Your task -> Word for word, restate the lines of the data below between those holding "The noisy pulse" and "Quality 9ct Gold", inclusive; pictures do not belong in the copy.

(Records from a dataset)
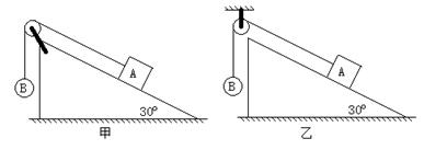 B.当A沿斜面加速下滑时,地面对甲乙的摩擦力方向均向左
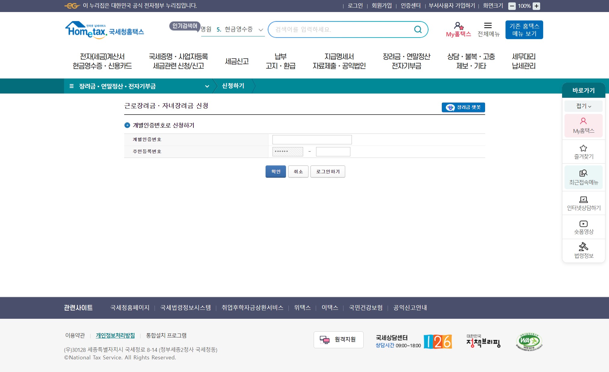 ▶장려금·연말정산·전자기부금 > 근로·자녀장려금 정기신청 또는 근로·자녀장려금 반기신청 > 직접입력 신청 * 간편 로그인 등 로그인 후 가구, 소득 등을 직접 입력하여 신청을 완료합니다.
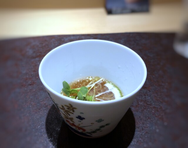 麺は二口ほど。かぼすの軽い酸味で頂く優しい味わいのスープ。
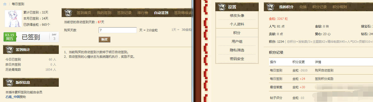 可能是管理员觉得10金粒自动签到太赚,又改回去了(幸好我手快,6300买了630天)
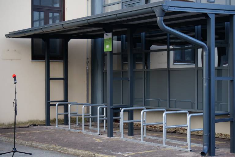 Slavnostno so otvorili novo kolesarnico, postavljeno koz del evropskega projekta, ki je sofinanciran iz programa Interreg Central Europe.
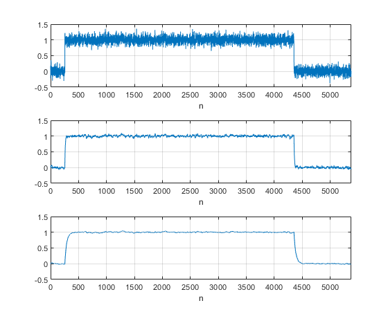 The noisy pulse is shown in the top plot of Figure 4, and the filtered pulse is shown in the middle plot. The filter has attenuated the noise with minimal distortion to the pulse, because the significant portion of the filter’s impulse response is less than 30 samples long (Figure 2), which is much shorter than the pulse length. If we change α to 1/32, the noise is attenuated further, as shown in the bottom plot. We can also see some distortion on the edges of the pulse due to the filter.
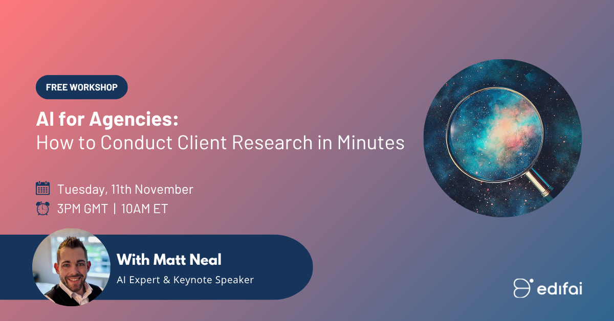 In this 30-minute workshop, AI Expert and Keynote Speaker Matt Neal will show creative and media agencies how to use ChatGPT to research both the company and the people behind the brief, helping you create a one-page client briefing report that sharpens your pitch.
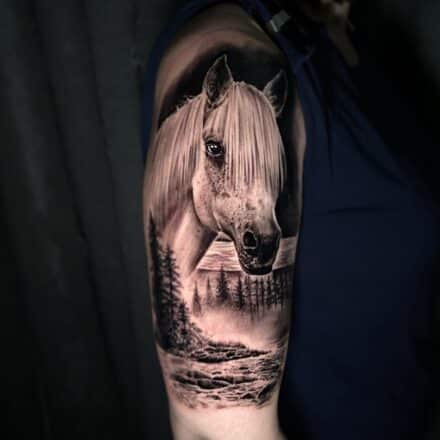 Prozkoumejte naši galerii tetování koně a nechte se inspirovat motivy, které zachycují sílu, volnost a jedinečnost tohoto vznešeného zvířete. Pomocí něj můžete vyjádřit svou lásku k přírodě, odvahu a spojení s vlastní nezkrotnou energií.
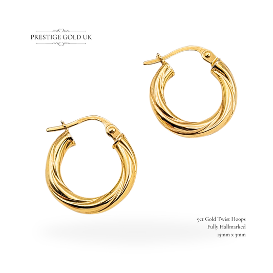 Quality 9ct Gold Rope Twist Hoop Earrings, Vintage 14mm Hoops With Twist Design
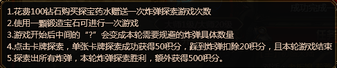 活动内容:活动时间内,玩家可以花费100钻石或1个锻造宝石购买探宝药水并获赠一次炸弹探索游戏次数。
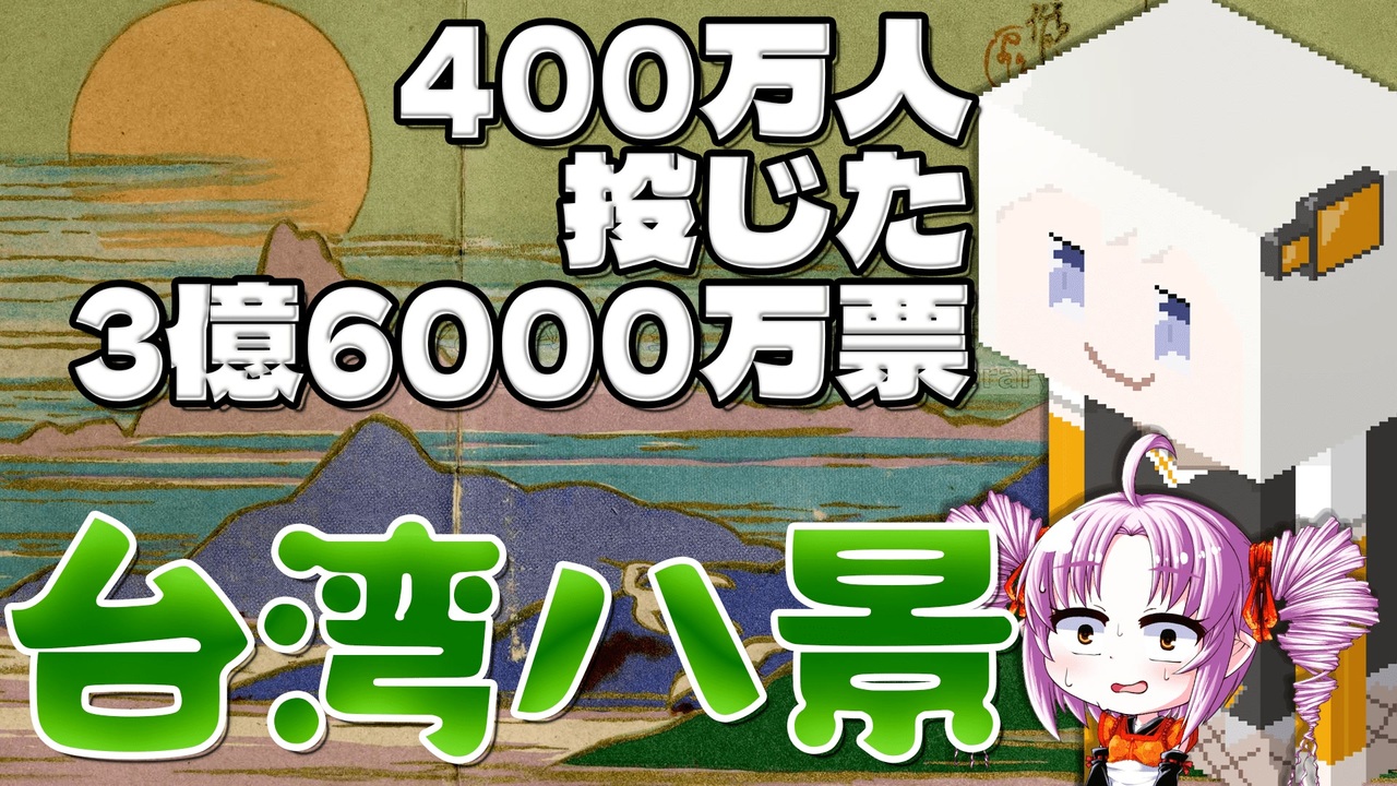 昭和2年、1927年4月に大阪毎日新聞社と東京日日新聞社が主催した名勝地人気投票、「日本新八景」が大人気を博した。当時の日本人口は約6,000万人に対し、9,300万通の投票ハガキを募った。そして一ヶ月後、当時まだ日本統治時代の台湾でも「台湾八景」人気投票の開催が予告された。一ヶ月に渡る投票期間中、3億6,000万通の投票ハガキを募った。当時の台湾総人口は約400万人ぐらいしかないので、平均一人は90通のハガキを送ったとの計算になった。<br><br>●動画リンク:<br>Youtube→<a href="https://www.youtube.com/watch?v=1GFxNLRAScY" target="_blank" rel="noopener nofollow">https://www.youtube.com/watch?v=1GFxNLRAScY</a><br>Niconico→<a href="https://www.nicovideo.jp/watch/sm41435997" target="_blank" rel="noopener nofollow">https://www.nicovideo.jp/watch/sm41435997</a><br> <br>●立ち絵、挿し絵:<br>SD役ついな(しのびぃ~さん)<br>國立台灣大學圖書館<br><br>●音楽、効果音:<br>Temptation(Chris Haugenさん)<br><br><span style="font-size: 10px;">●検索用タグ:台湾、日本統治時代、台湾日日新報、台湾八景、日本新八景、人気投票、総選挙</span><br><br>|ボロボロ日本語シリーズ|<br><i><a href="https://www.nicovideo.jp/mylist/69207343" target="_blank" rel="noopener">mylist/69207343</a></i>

Output ->
 The noisy pulse is shown in the top plot of Figure 4, and the filtered pulse is shown in the middle plot. The filter has attenuated the noise with minimal distortion to the pulse, because the significant portion of the filter’s impulse response is less than 30 samples long (Figure 2), which is much shorter than the pulse length. If we change α to 1/32, the noise is attenuated further, as shown in the bottom plot. We can also see some distortion on the edges of the pulse due to the filter.
 In this 30-minute workshop, AI Expert and Keynote Speaker Matt Neal will show creative and media agencies how to use ChatGPT to research both the company and the people behind the brief, helping you create a one-page client briefing report that sharpens your pitch.
 Prozkoumejte naši galerii tetování koně a nechte se inspirovat motivy, které zachycují sílu, volnost a jedinečnost tohoto vznešeného zvířete. Pomocí něj můžete vyjádřit svou lásku k přírodě, odvahu a spojení s vlastní nezkrotnou energií.
 Quality 9ct Gold Rope Twist Hoop Earrings, Vintage 14mm Hoops With Twist Design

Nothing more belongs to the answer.